Source records:

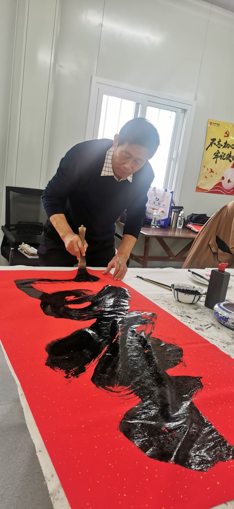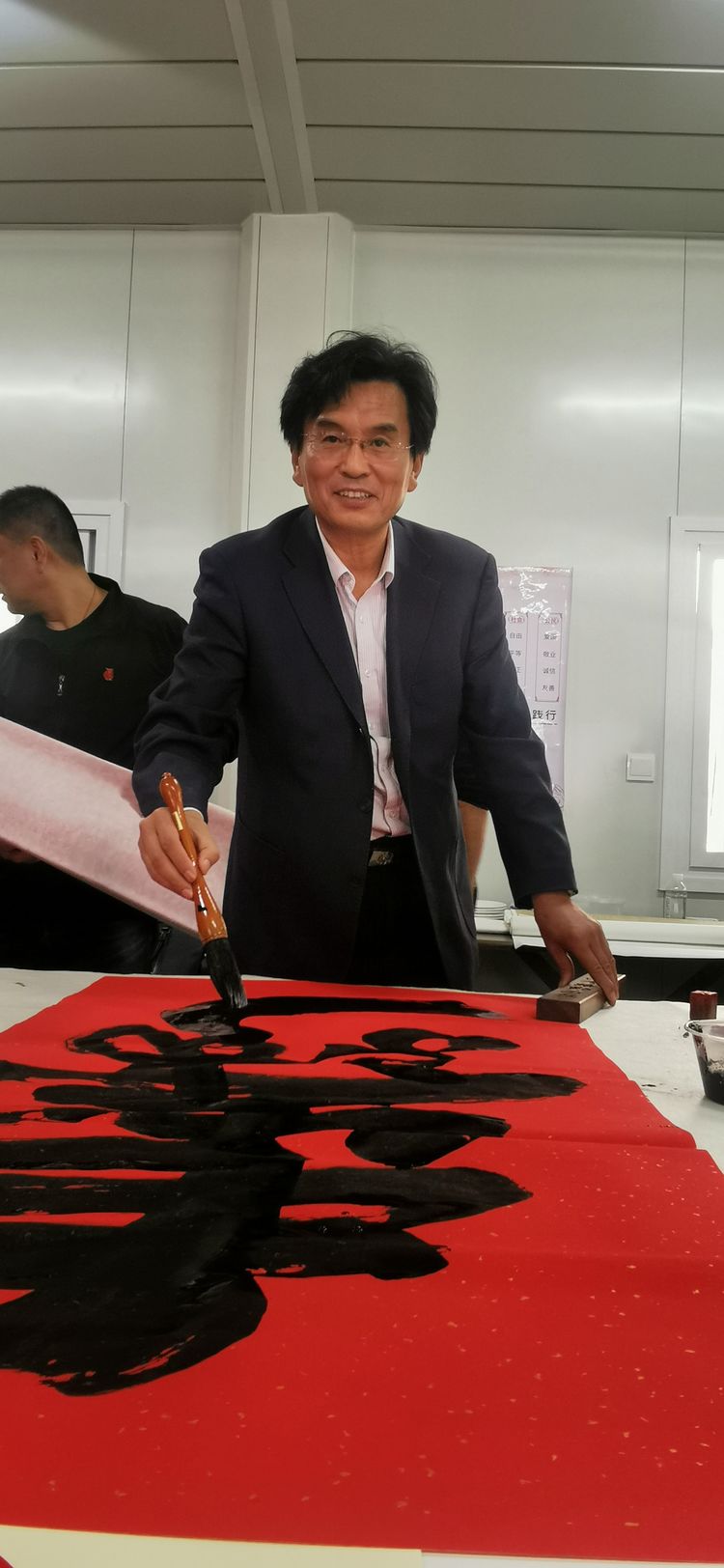 书法家谭志刚同志在创作中
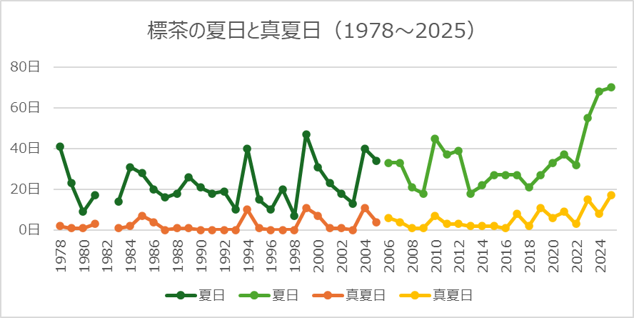 今年の夏日は70日、真夏日は17日でそれぞれ過去最多でした。熱帯夜はまだありません。
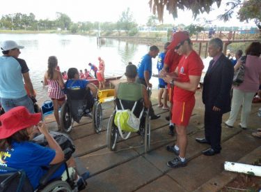 Oficiais do Corpo de Bombeiros estiveram no Parque do Sabiá promovendo o projeto Novos Horizontes, com portadores de necessidades especiais.
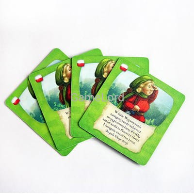 Zestaw 4 dodatkowych żetonów na grubej tekturze.
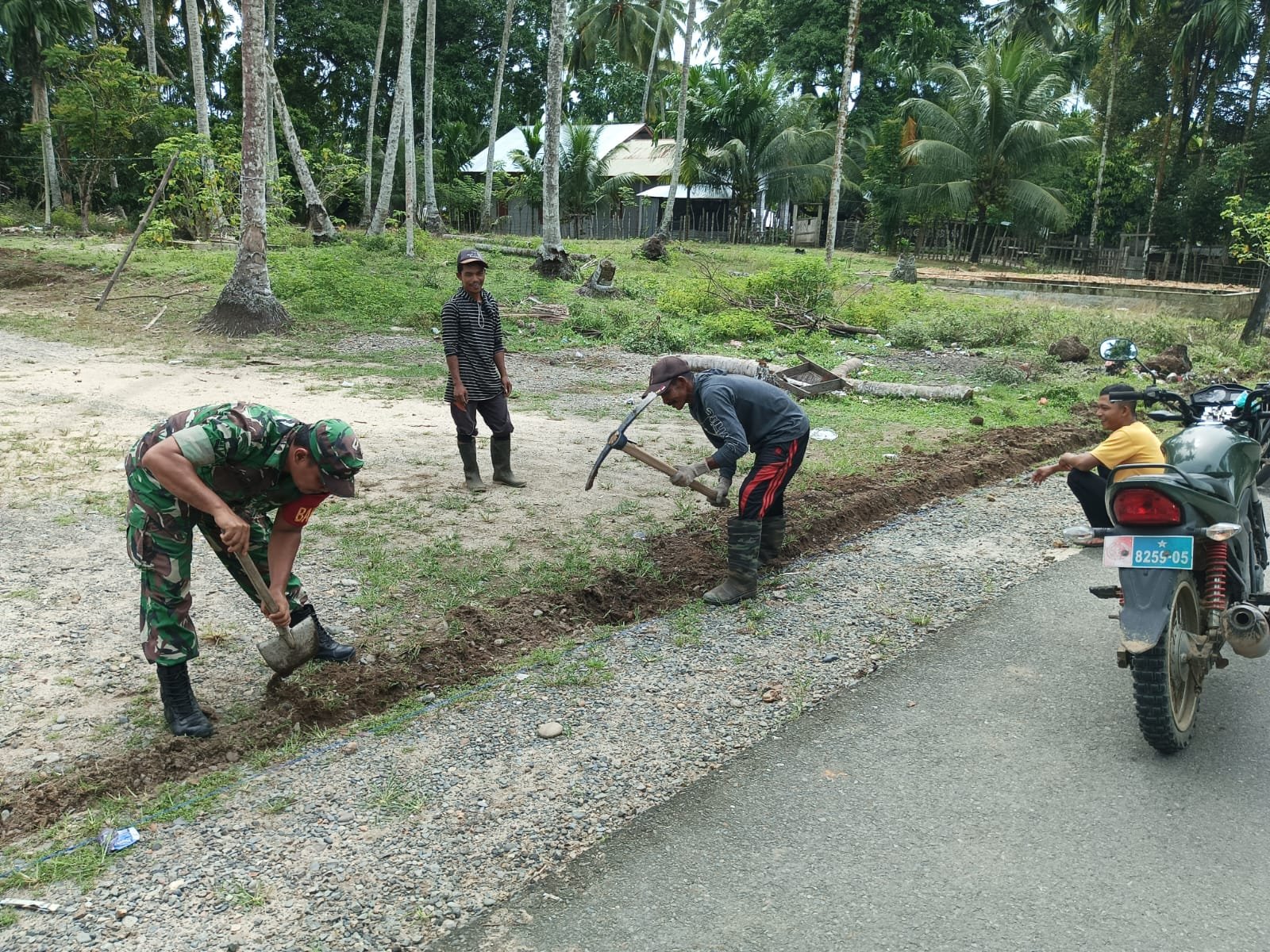 Aceh Jaya – Tidak mengurangi semangat Aparat Komando Kewilayahan untuk tetap melakukan kegiatan Karya bakti bersama warganya. Seperti yang dilakukan Serda M Ambri Babinsa Koramil 0114-05/Panga ketika melaksanakan karya bakti gotong-royong menggali parit bersama masyarakat, bertempat di Desa Panton Kecamatan Panga Kabupaten Aceh Jaya, Minggu (02/03/2025).
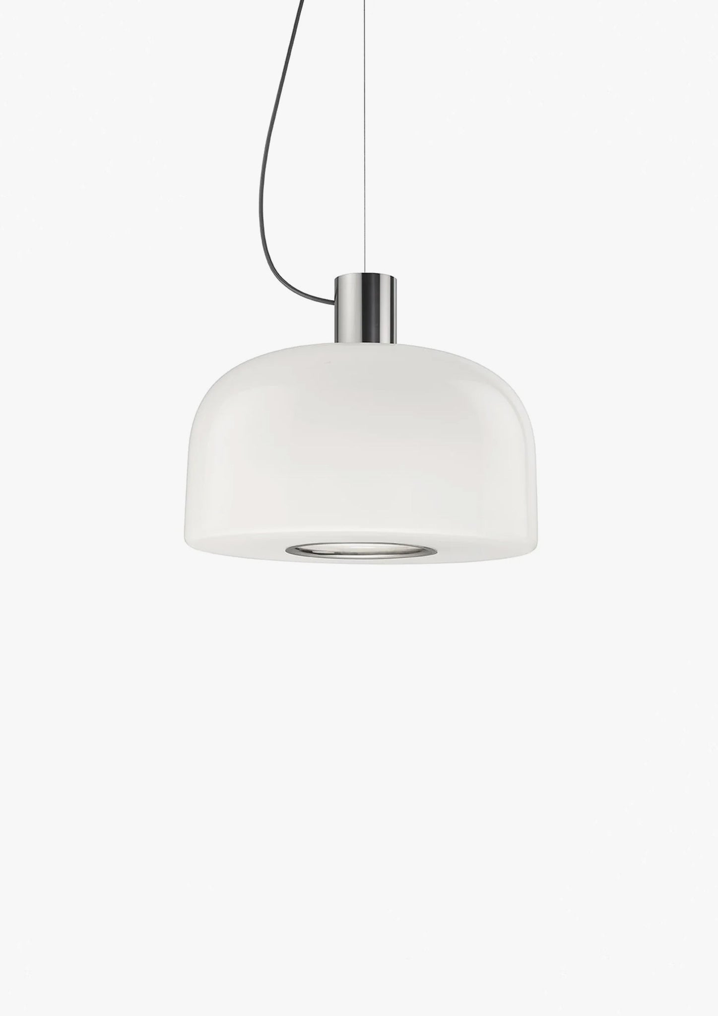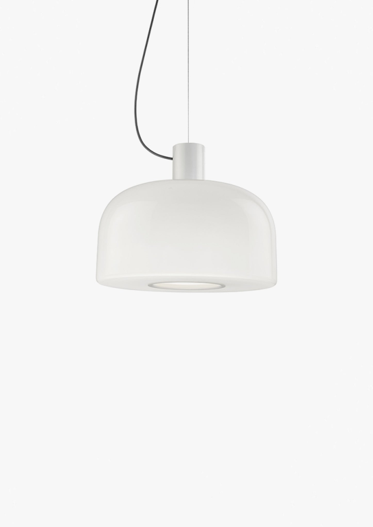 Scopri la Bellhop Glass, un'icona di design contemporaneo che unisce eleganza e funzionalità. Questa lampada a sospensione in vetro opalino triplex rappresenta la perfetta fusione di estetica minimalista e innovazione, rendendola ideale per ogni ambiente, dalla sala da pranzo all'ufficio.
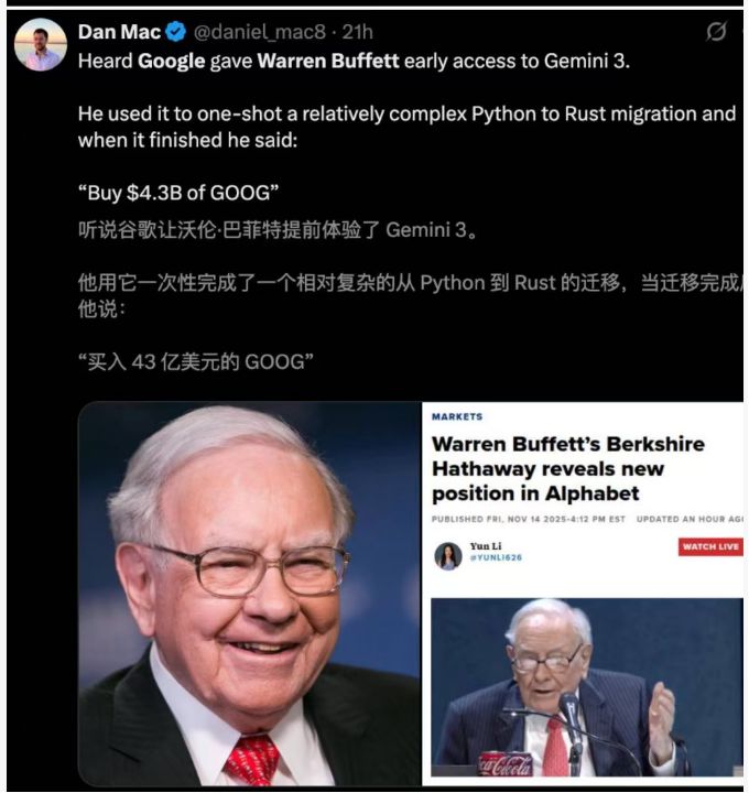另外比较有意思的点在于,坊间传闻,巴菲特之所以买谷歌,是因为他已经亲测Gemini 3.0 ,亲眼见证了一个复杂项目从Python 到Rust的一键迁移。巴菲特看完之后,当场买入了43亿美元的谷歌股票。从这一点来看,阿里启动千问项目,确实是值得资本期待的事情。

• REQUIRED WORK: Copy only this from above: the line containing "Zestaw 4 dodatkowych", the line containing "Scopri la Bellhop", and all lines between, printed exactly. Leave out the pictures.

• YOUR RESPONSE:
 Zestaw 4 dodatkowych żetonów na grubej tekturze.
 Aceh Jaya – Tidak mengurangi semangat Aparat Komando Kewilayahan untuk tetap melakukan kegiatan Karya bakti bersama warganya. Seperti yang dilakukan Serda M Ambri Babinsa Koramil 0114-05/Panga ketika melaksanakan karya bakti gotong-royong menggali parit bersama masyarakat, bertempat di Desa Panton Kecamatan Panga Kabupaten Aceh Jaya, Minggu (02/03/2025).
 Scopri la Bellhop Glass, un'icona di design contemporaneo che unisce eleganza e funzionalità. Questa lampada a sospensione in vetro opalino triplex rappresenta la perfetta fusione di estetica minimalista e innovazione, rendendola ideale per ogni ambiente, dalla sala da pranzo all'ufficio.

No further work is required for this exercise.